Не сделав ни карьеры, ни фортуны, Александр Петрович в идеологическом обновлении не нуждался и — в пределах приличия — стал избегать Дробиковых. И на этот раз, поцеловав ручки дамам и пошутив с мужчинами, сослался на то, что его ждут, и ушел в противоположный конец ресторана, где успел уже заметить других, не столь быстро прогрессирующих знакомых.
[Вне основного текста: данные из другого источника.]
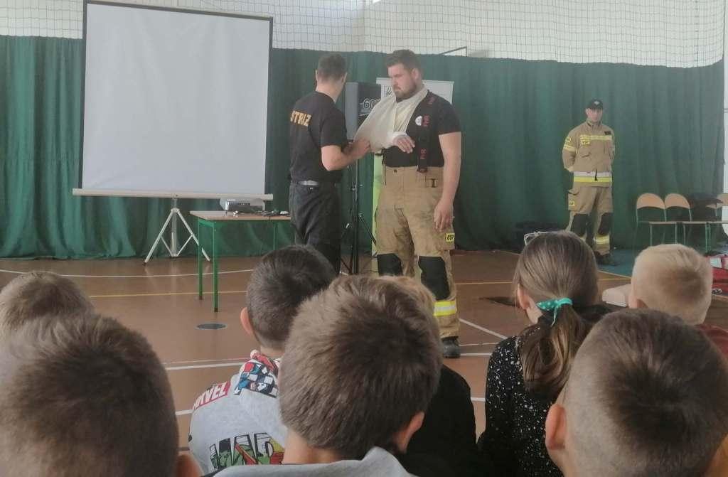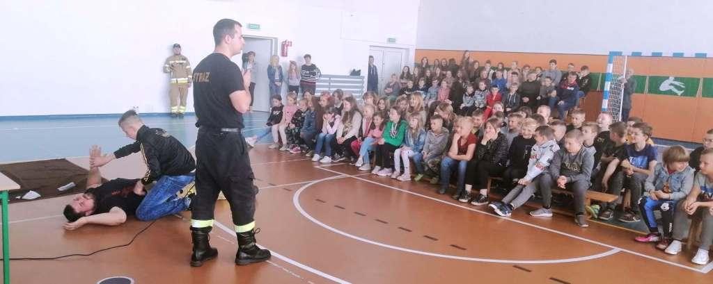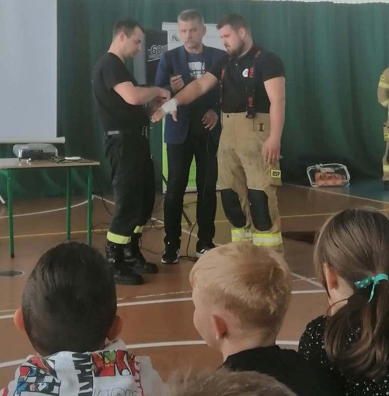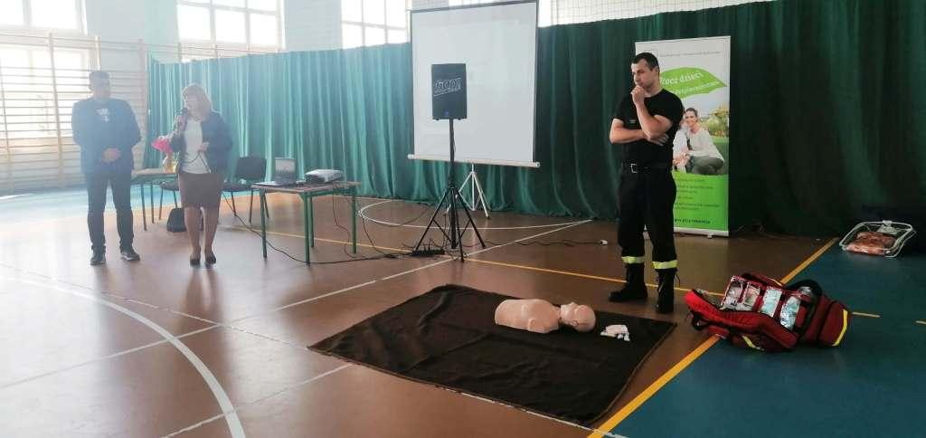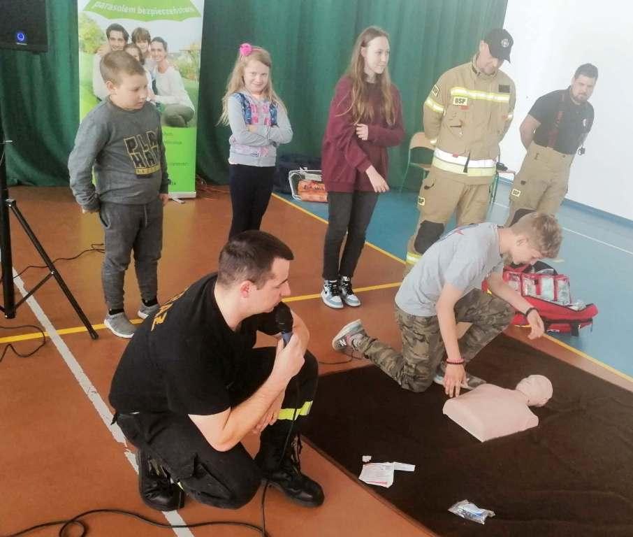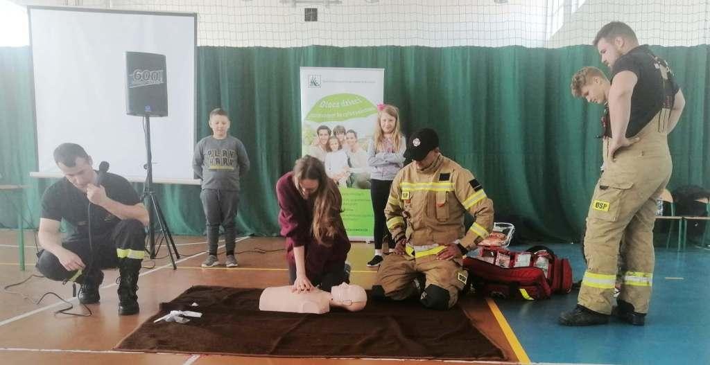 W spotkaniu uczestniczyli również strażacy z OSP w Krzynowłodze Małej: panowie Przemysław Krupa, Grzegorz Glina i Jakub Jędrzejczyk oraz pan Łukasz Ciech z Komendy Powiatowej Państwowej Straży Pożarnej w Przasnyszu. Panowie bardzo fachowo przybliżyli uczniom zasady udzielania pierwszej pomocy przedmedycznej. Oprócz części teoretycznej uczniowie mieli możliwość ćwiczeń resuscytacji krążeniowo-oddechowej na fantomach oraz pozycji bocznej bezpiecznej. Takie praktyczne zajęcia są bardzo cenne, gdyż umiejętność właściwego zachowania się w różnych sytuacjach zagrożenia powinien posiadać każdy bez względu na wiek. Dzięki takiej wiedzy możemy w przyszłości uratować nie jedno życie.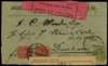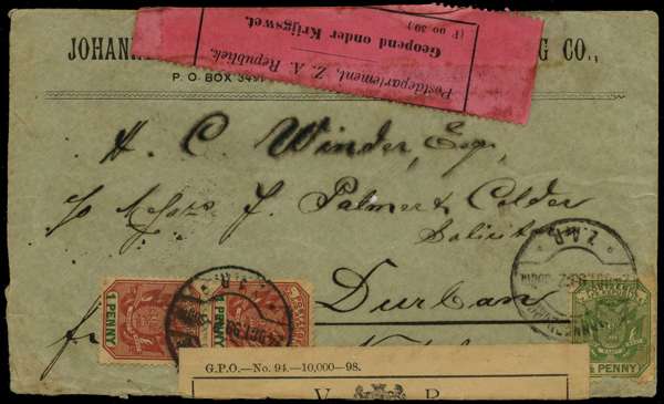 BOER WAR: 1899 (24 Oct) envelope franked with 1896-97 ½d (defective) and 1d, pair, cancelled with 'Johannesburg, Z.A.R' ds, black on pink 'Boer Geopend onder Krijgswet' label (removed and replaced) and British provisional black on white 'V Arms R/OFFICIALLY SEALED IN THE/Post Office at ...P.L.O.... Natal', the reverse with 'G.P.O./E/7 NO/99/NATAL' double-ring ds. Scarce. SG 216/7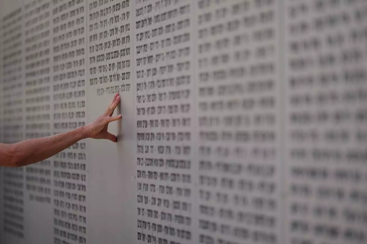 A man touches the wall with names of fallen soldiers during Israel's annual Memorial Day for the soldiers who died in the nation's conflicts and victims of nationalistic attacks at the Armored Corps memorial site in Latrun, Israel, Tuesday, April 21, 2026. (AP Photo/Ariel Schalit)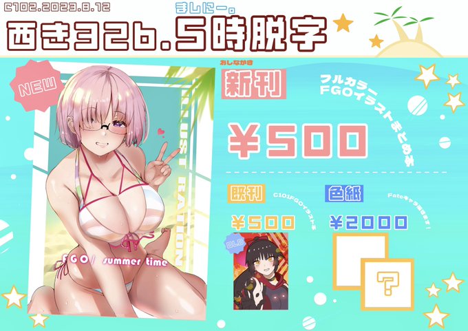 あなたのサークル「5時脱字」は、コミックマーケット102で「土曜日 西地区 “き” ブロック 32b」に配置されました!コミケWebカタログにてサークル情報ページ公開中です! webcatalog.circle.ms/Perma/Circle/1… #C102WebCatalog FGOイラスト本です!!よろしくです!!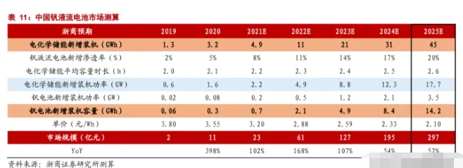 2025 年中國釩液流電池儲能新增 14.2GWh,裝機功率 3.5GW,滲透率 20%,對應市場規(guī)模 297 億元。 預計 2021-2025 年中國新增釩電池儲能 0.7/ 2.1/ 4.9/ 8.4/ 14.2 GWh,CAGR=113%。 預計釩電池規(guī)模應用后,單價平均每年降低 10%, 2021-2025 年單價為 3.2/2.9/2.6/2.3/2.1 元/Wh, 市場規(guī)模 23/ 61/ 127 /195 /297 億元,CAGR=92%。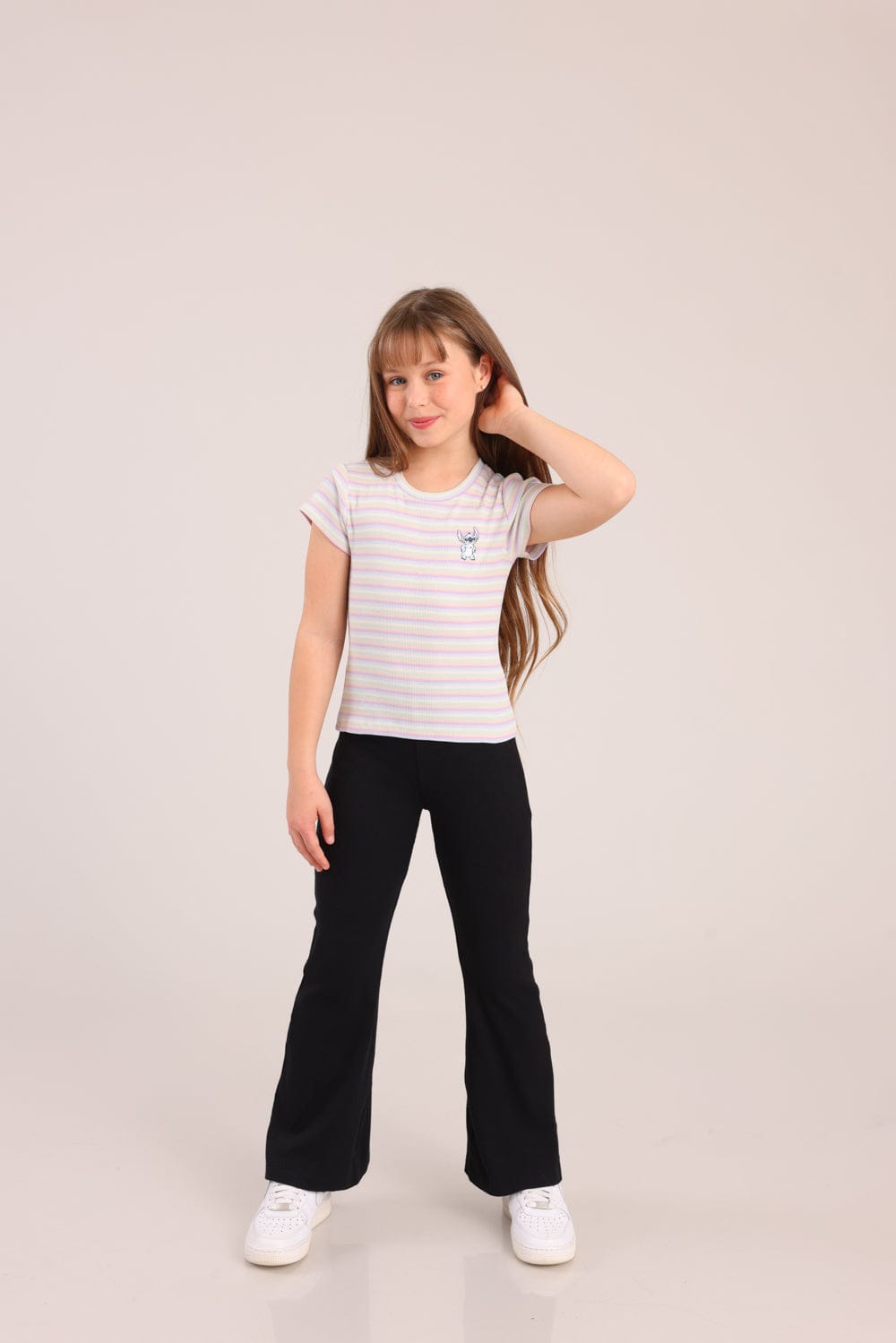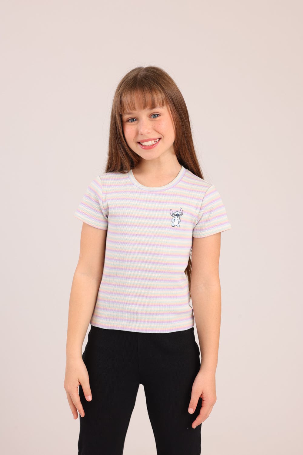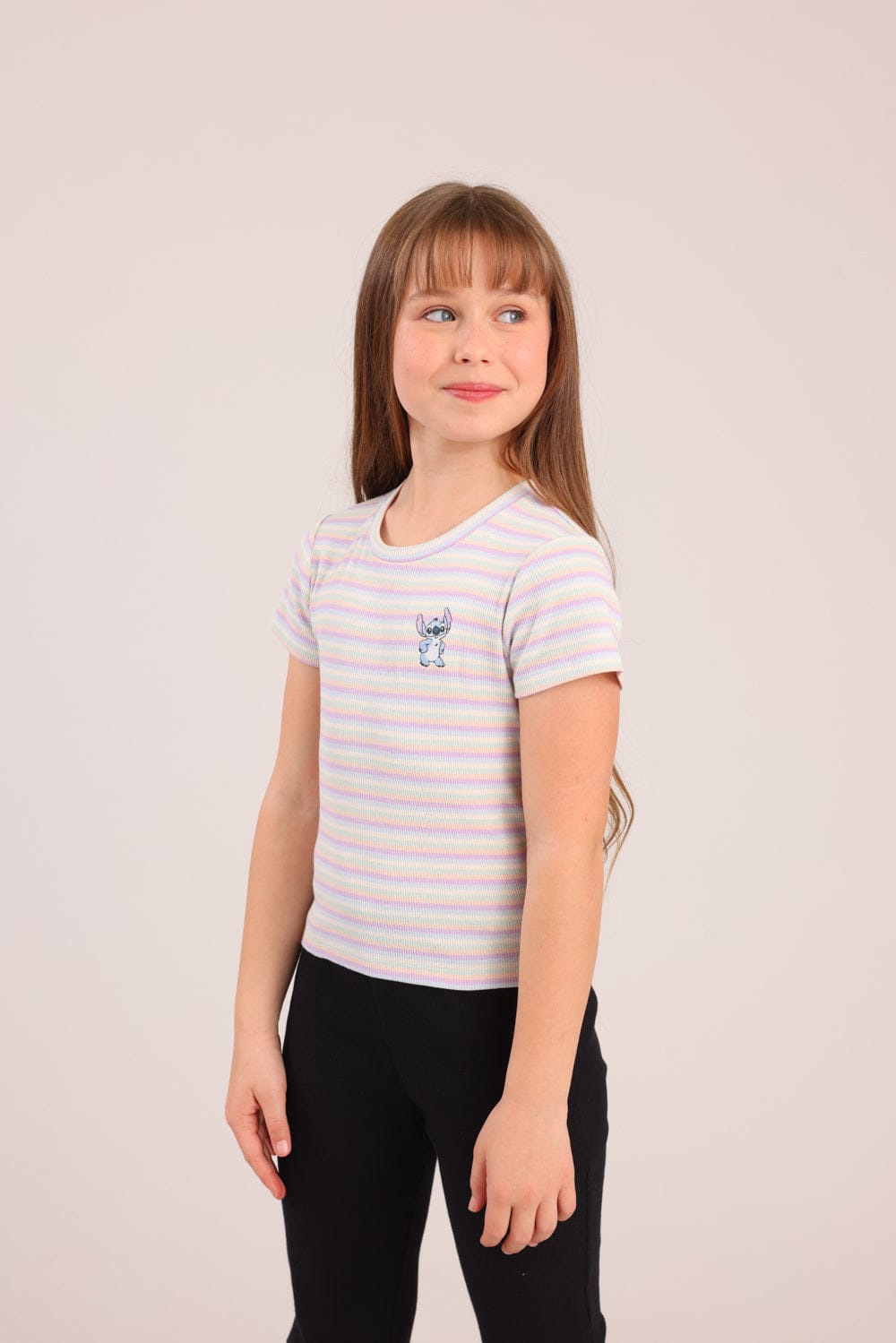 חולצת ריב פסים קצרה , ממותגת סטיץ' דיסני עם הדפס

Одним из них был так называемый «фальшивый украинец». Коренной костромич, со вздернутым и одновременно расплюснутым носом на широкой, плоской, неподвижной маске скифской каменной бабы — он, действительно, чем-то напоминал грубую карикатуру на самую красивую (по уверениям Грушевского) народность в мире. В ресторане его звали «насосом», потому что, стоило подставить ему бутылку, как она сразу же выкачивалась до капли, причем «фальшивый хохол» не становился от этого пьянее, чем обычно был. С ним за столиком помещался его физический антипод, сослуживец и собутыльник, неврастенический отпрыск хорошего дворянского рода. Глядя на его бледно-болезненную хилость, каждый сказал бы, что сему человеку три дня до смерти… На самом же деле — Андрей Леонидович проскрипел уже пятьдесят лет с лишним и мог бы запросто протянуть еще столько же, если бы не пожиравшая его неисцелимая, неукротимая и неутолимая страсть: он ненавидел большевиков до того, что даже к солнцу относился подозрительно, потому что всходило оно на востоке, а не на западе.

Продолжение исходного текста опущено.